Siphonariidae, also known as false limpets, are a taxonomic family of small to medium-sized air-breathing sea snails, marine and brackish water pulmonate gastropod molluscs.

==Shell description==
Empty siphonariid limpet shells can be distinguished from true limpet shells by examining the interior. In the siphonariids there is a well-marked lateral groove on the right side of the shell, and a corresponding interruption of the ring of muscle attachment scars.
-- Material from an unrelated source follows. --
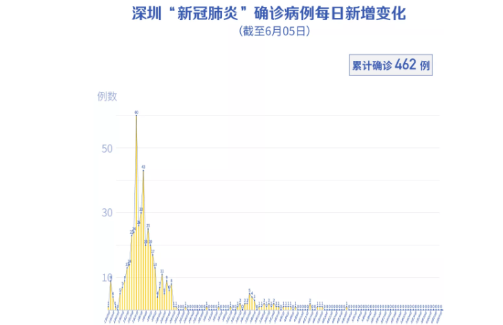 截至6月6日24時,深圳累計報告新冠肺炎病例462例。

These markers show the positioning of the pneumostome or pulmonary orifice.

==Genera==
Genera in the family Siphonariidae include:
- Anthosiphonaria Kuroda & Habe, 1971 -
  - Anthosiphonaria sirius -
- Aporemodon Robson, 1913
- Benhamina Finlay, 1927 - with the only one species Benhamina obliquata (G. B. Sowerby I, 1825)
- Ellsiphon Iredale, 1940
- Hebesiphon Iredale, 1940
- Heterosiphonaria Hubendick, 1945
- Hubendickula McAlpine, 1952
- Kerguelenella Powell, 1946 - synonym: Kerguelenia Mabille & Rochebrune, 1889
- Legosiphon Iredale, 1940
- Mallorisiphon Iredale, 1940
- Mestosiphon Iredale, 1940
- Pachysiphonaria Hubendick, 1945
- Parellsiphon Iredale, 1940
- Patellopsis Nobre, 1886
- Pugillaria Iredale, 1924
- Siphonacmaea Habe, 1958
- Siphonaria G. B. Sowerby I, 1823 - type genus of the family Siphonariidae
- Talisiphon Iredale, 1940
- Williamia Monterosato, 1884 - synonyms: Allerya Mörch, 1877; Brondelia Bourguignat, 1862; Parascutum Cossmann, 1890; Roya Iredale, 1912; Scutulum Monterosato, 1877.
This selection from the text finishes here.